Remi Storm

My phone bings a notification.Jonah, my gallery director, peers at my skin, mere inches from my face to strategize what my makeup look is going to be tonight. Without turning my head, I carefully swipe the screen. An exclusive invitation to a new art festival somewhere in the mountains pops up. “Hey, have you heard of Avalon Vale?”

Jonah sniffs at the screen I display for him. He raises an eyebrow. The one gesture alone shows he’s impressed with whatever he’s reading.

Jonah turns his attention back to arranging his beauty kit on the table next to us, prepping his tools one by one. “Baby girl, the entire world except you have heard of Avalon Vale. It’s not every day that a new monster-controlled city appears out of the mist. You work too hard. That’s a fact.”

He gingerly pinches a warm towel from a bowl and places it gently on my face. “I didn’t realize they were allowing human entry, yet.”

“Not now, but soon. In a couple of weeks, actually.” I favorite the email with a star to read it later. It will be something to look forward to after tonight’s event. Just thinking about it makes my stomach churn.

Jonah takes the hot towel away and pats my face dry. “Well, when you get the deets, you’re taking me. I’m pretty sure it’s in my contract, so it’s non-negotiable.”

I giggle as I put my phone away.

Jonah tsks. “Hold still, Remi! We’re not trying to look like an electrified cat!”

“A what?” While I try to decipher Jonah’s latest idiom, he plucks an unruly hair from my eyebrow.

I yelp. “Dammit, that smarts!”

“Well, if you don’t hold still, I’m about to make you a genius.”

Before I can defend myself, Jonah tweezes another three eyebrow hairs in rapid succession. The sadist blows the end of his tweezers as one would the barrel of a gun. “There, you big baby. All done. Now, I can finally work.” Jonah holds my cold can of fizzy water against the inflamed brow.

He’s lucky he’s the best damn director slash personal assistant slash life coach ever. “First of all, I just asked you to help with my makeup, not mow down my face. And second of all,” I say, speaking up over his tsking, which is always a prelude to more sassiness, “what if I was trying to grow out my brows?”

The incorrigible man merely tosses his long sheet of waist-length black hair over his shoulder. “My dear, you have two caterpillars inching their way across your forehead. I merely made them more symmetrical. Hold that pose.” Jonah mists my face with what he refers to as angel tears, then slathers my face with something called a Flash Facial.

I fight for breath. “I wasn’t posing. I was glaring,” I clarify.
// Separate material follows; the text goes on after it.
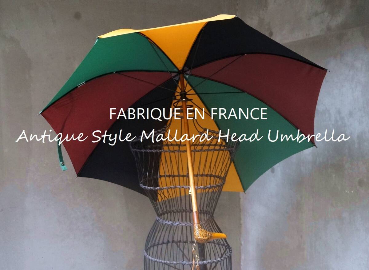 > フランス製生地 ハンドメイド木製マラードヘッド アヒルハンドル 4色八枚ハギ ショルダーストラップ付 アンティークスタイル アンブレラ 傘

“Whatever you’re doing, keep doing it.” Jonah’s voice goes from snappy to dreamy, which means he’s already getting lost in his own world as he works on my face. When my skin resembles a glazed donut, Jonah moves on to his small metal palette that he balances on his hand. He squirts a variety of foundations onto it in the medium to tan spectrum, and swatches my face until he finds a blend of colors he approves of.

In exactly fifty-nine minutes, I’m supposed to make an appearance at the Neue Grove, the upstart gallery that everyone in the community can’t wait to see. At least, that’s what Jonah wants me to do. I would rather spend the night curled up on my couch eating pizza and streaming the latest action thriller.

“Remind me why I’m going to this again?”

This time, Jonah does a full pause, all six feet of him staring me down with a hand on his hip. “You are going to this because you are better than Liesl and Addison, and you are showing them that their little gallery’s got nothing on you, thankyouverymuch. Now look up.” Jonah smears eyeliner under my lower lash line.

“But they do have something on me. My entire marketing list, not to mention my contacts, my artists, all the vendors I’ve contracted this past year?—”

“Nuh-uh. We’re not doing that,” Jonah says, cutting me off.

“Doing what? Speaking the truth?”

In the last month, the gallery has been bleeding cash. All part of the plan, of course. It takes money to make money.

What I didn’t plan on was Liesl Grove and Addison Hawke, my sales associate and marketing assistant, opening their own gallery a few blocks away. And now they have my book of business that I’ve been cultivating for over a year now, and here they are popping up out of nowhere, capitalizing on my name in order to get business for themselves.

If it weren’t happening to me, I’d be impressed by their audacity.

Jonah boops my nose with a fluffy blush brush. “How many times have I told you to stop selling yourself short? Your clients love you, not to mention the artists. I mean, for the love of the goddess, who in the hell would take a chance on that?” He gestures to the wall.

ThethatJonah refers to is an abstract piece that called to me from the first time I laid eyes on it. There is something to the movement of the brushstrokes and colors that makes me think of the chaotic energy of young love.

“Just because certain people can’t see the potential doesn’t mean it’s ugly or bad.” I state matter-of-factly. “And I’ll have you know that I actually just sold this piece to the Lyonne estate. They were the ones on the phone when you came in.”

He fluffs my hair, clucking around me like a proud mother hen. “See, this is exactly why your clients and artists love you.”